**Material for this exercise**
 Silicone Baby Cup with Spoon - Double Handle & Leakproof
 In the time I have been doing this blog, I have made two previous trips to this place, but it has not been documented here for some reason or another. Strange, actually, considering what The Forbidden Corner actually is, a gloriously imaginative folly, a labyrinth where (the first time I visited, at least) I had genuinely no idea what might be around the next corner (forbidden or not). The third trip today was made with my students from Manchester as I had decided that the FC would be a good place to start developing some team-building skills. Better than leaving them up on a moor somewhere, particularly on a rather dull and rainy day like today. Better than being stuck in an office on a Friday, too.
...
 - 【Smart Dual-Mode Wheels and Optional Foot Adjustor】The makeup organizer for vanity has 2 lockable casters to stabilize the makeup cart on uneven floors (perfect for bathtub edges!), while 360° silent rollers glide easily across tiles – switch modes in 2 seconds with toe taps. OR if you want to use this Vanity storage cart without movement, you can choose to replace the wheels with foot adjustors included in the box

**Work to be completed**
Above are the records. Copy the lines beginning at the one that has "Silicone Baby Cup" and ending with the one that has "In the time", unchanged.

**Expected output**
 Silicone Baby Cup with Spoon - Double Handle & Leakproof
 In the time I have been doing this blog, I have made two previous trips to this place, but it has not been documented here for some reason or another. Strange, actually, considering what The Forbidden Corner actually is, a gloriously imaginative folly, a labyrinth where (the first time I visited, at least) I had genuinely no idea what might be around the next corner (forbidden or not). The third trip today was made with my students from Manchester as I had decided that the FC would be a good place to start developing some team-building skills. Better than leaving them up on a moor somewhere, particularly on a rather dull and rainy day like today. Better than being stuck in an office on a Friday, too.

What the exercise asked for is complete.